The only tool and technology that can analyze and improve these complex and dynamic
systems is simulation. Moreover, many engineers are already familiar with simulations in the
field of product design plus with the advent of augmented reality, AI and big data, these
technologies are expected to bring simulations to the next level. It will be possible to simulate
manufacturing processes using different production settings to find the optimal way to
manufacture a product (MITI, 2018). Besides, simulations can also be used to test product
usage under different operating environment using different types of materials.

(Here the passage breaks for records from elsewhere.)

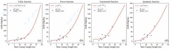 Comparison of four fitting functions for the relationship between max canopy height and measured AGB. (a) cubic function; (b) power function; (c) exponential function; (d) quadratic function.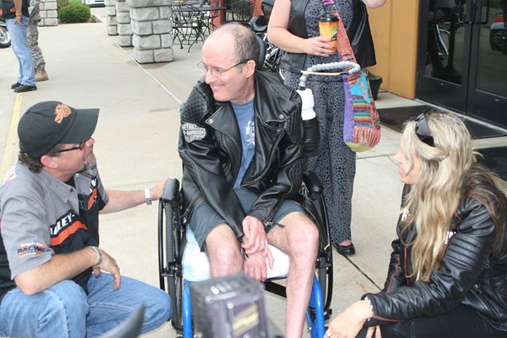 Craig Oster of Haslett has survived amyotropic lateral sclerosis (ALS or "Lou Gehrig's disease") for 19 years and works out religiously at Sparrow Rehabilitation Services. He met this week with two great-grandchildren of the co-founder of Harley-Davidson while promoting a Sept. 28 benefit at the Avenue Cafe in Lansing to raise money for his health care expenses. Sparrow is a co-sponsor of the benefit.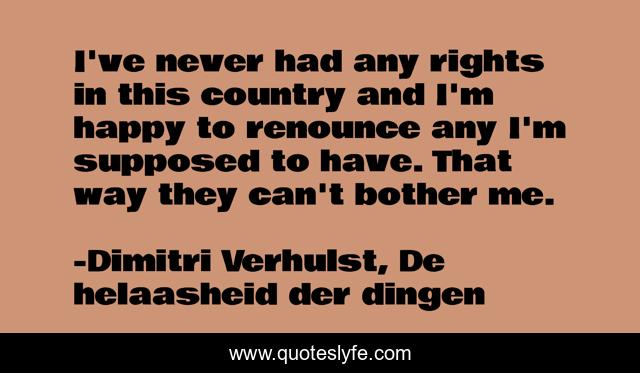 This page presents the quote "I've never had any rights in this country and I'm happy to renounce any I'm supposed to have. That way they can't bother me.". Author of this quote is Dimitri Verhulst, De helaasheid der dingen. .
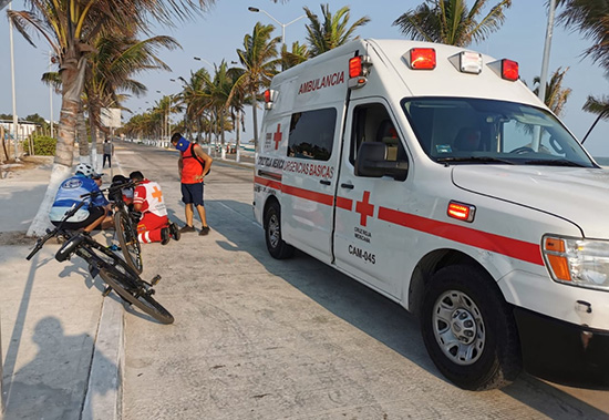 Un hombre que hacía ciclismo en el área de Playa Norte resultó con golpes en el cuerpo al desmayarse cuando se desplazaba en su bicicleta, fue auxiliado por otros ciudadanos que realizaban actividad física en el lugar.

Augmented reality (AR) refers to a type of interactive, reality-based display

environment that takes the capabilities of computer generated display, sound, text and effects
to enhance the user's real-world experience. Augmented reality combines real and computer-
based scenes and images to deliver a unified but enhanced view of the world (Technopedia,
2017). It has many different implementation models and applications, however its primary
objective is to provide a rich audiovisual experience. It works by employing computerized
simulation and techniques for instance image and speech recognition, animation, head-
mounted and hand-held devices and powered display environments to add a virtual display on
top of real images and surroundings.

Virtual reality is a special type of simulation which designed to convince user to the
greatest extent possible that they are actually within the computer generated simulation
environment. The environment can be a simulation of the real world and most current virtual
reality environments are primarily visual experiences, displayed either on a computer screen
or through special or stereoscopic displays, but some simulations include additional sensory
information such as sound through speakers or headphones. VR requires hardware and software
that furnish a sense of immersion, navigation, and manipulation (Dayana & Dr Safarin, 2009)
Furthermore, this world can be a CAD model, a scientific simulation, or a view into a database.
The user then can interact with the world and directly manipulate objects within the world.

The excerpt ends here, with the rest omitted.